A simple shell script (almost) POSIX(1) for mail security checks against domain names.
Usage: ./mailsecchk.sh [OPTIONS]...
check mail security of a given domain
arguments:
-d domain to be checked
-h display this help and exit
-l log file to output to
-p extract DKIM public key if found
-r SPF recursive tests
(1): not POSIX anymore as keyword "local" is used, but it should work on most UNIX.
- SPF DNS record presence
- SPF version
- SPF not using FAIL mode "-all"
- SPF include not resolving to a correct DNS TXT record (potential domain takeover)

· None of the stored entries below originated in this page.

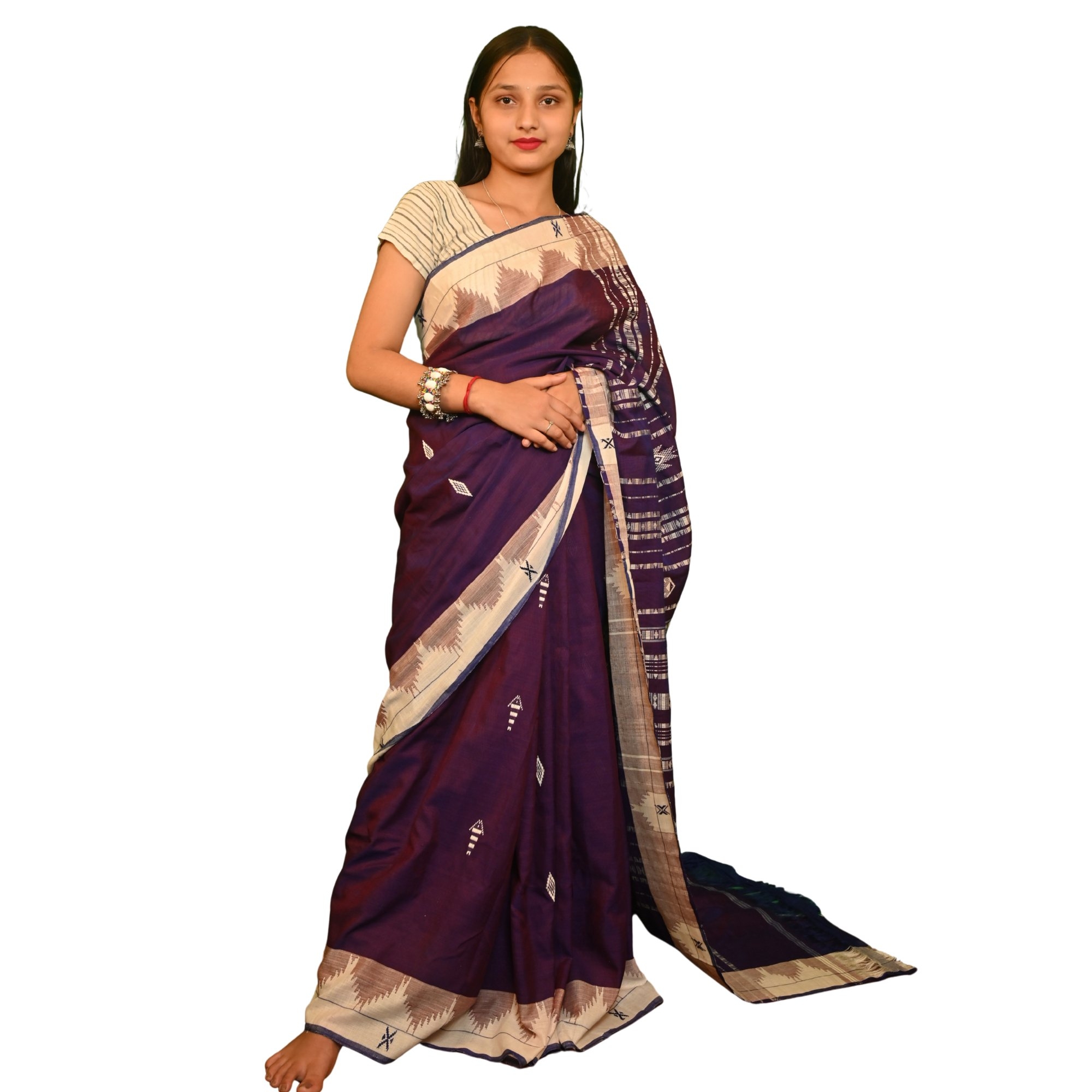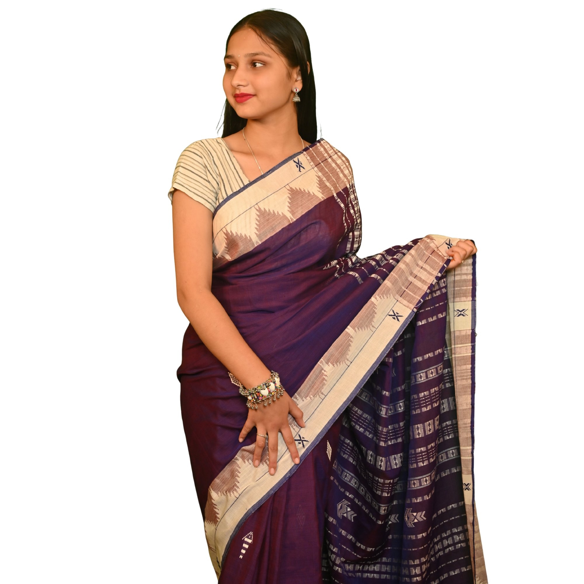 This Kotpad traditional cotton saree is handwoven by tribal artisans of Koraput, Odisha, following the GI-tagged Kotpad weaving tradition and natural dye practices. The deep brown body is highlighted with mustard and red tribal accents that bring warmth and visual depth to the saree. The woven striped pallu adds texture and cultural rhythm. Includes a matching unstitched blouse piece. As an authentic handloom product, slight variations in color and size may occur.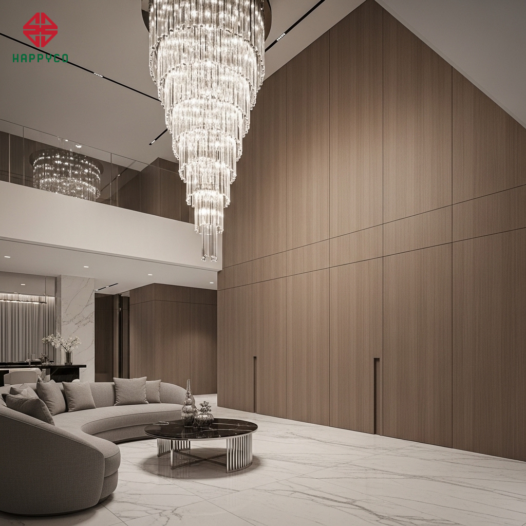 Hệ vách ốp đại sảnh: Thay vì những bức tường sơn đơn điệu, chúng tôi sử dụng các hệ vách ốp gỗ cao cấp kéo dài từ sàn lên đến trần thông tầng. Sự liền mạch này không chỉ tạo hiệu ứng thị giác mạnh mẽ mà còn giúp không gian trở nên bề thế, trang trọng.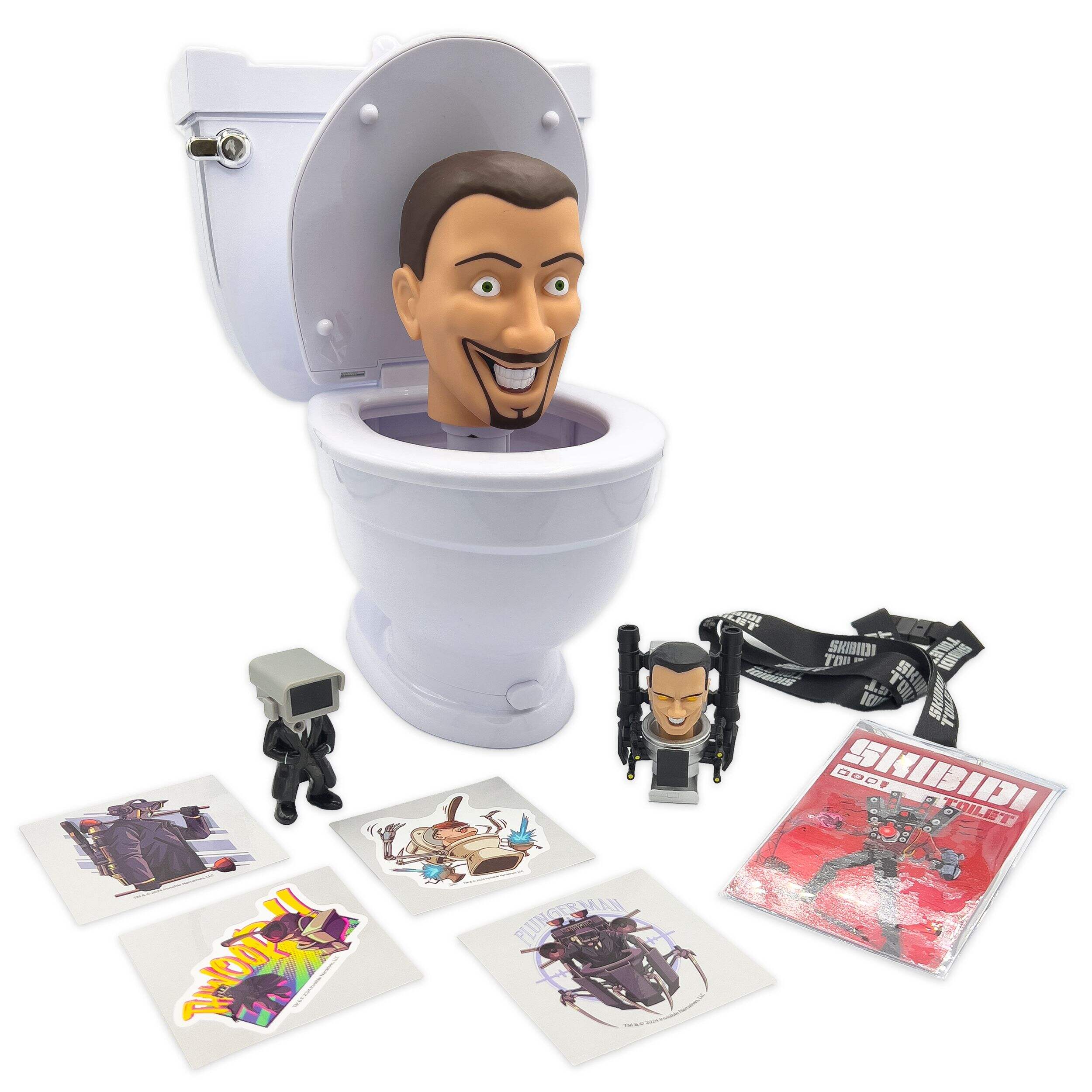 Interactive Skibidi Toilet toy with a spring-loaded head that pops out and plays popular sounds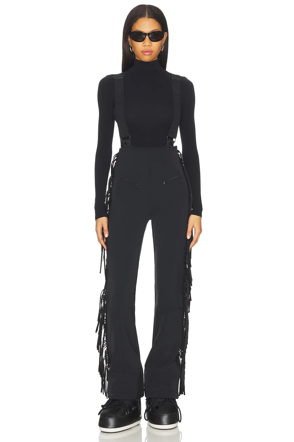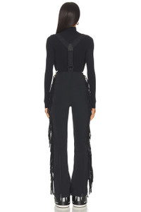 - 49% polyester 30% polyamide 12% polyurethane 9% elastane - Made in China - Machine wash cold - Side zipper closure with suspenders - Front panel pocklets with zip closure - Fully-lined legs - Fringe side paneling.18" at leg opening - Revolve Style No. GDBE-WC51 - Manufacturer Style No. GE00168254

- DMARC DNS record presence
- DMARC version
- DMARC policy ("p")
- DMARC subpolicy ("sp")
- DMARC sample percentage ("pct")
- DMARC aggregation and forensic reports send to third-parties ("rua" and "ruf")

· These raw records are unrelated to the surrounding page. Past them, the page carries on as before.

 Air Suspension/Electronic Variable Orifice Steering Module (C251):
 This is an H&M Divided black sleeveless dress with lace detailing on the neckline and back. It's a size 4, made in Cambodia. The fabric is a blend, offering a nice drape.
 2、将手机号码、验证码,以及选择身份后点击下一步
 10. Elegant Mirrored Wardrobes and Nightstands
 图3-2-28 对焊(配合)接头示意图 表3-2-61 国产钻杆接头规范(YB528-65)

- DMARC failure report options ("fo")
- DMARC SPF and DKIM alignment set to relaxed mode (see there for why)
- DKIM dictionnary guess for selectors (list is in dkim_selectors.txt)
- DKIM public key size (if public key extraction is enabled)
- MTA-STS DNS record presence
- MTA-STS DNS record version
- MTA-STS HTTPS policy presence
- TLS-RPT DNS record presence
- TLS-RPT version
- TLS-RPT reports send to third-parties ("rua")
- DANE TLSA records presence for each MX entry
- BIMI dictionnary guess for selectors (list is in bimi_selectors.txt)
- BIMI version
Checks for specific mail providers:
- SPF set to include mail provider SPF
- DKIM presence (selectors are often predictable)
Currently included providers:
- Microsoft 365
- Google workspace
- Amazon SES
Other features
- DKIM public key extraction if selector is found
- Recursive checks on SPF includes
Note: if recursion on SPF includes is not enabled, you may end up with false positives on wether a mail provider SPF is included for a domain or not.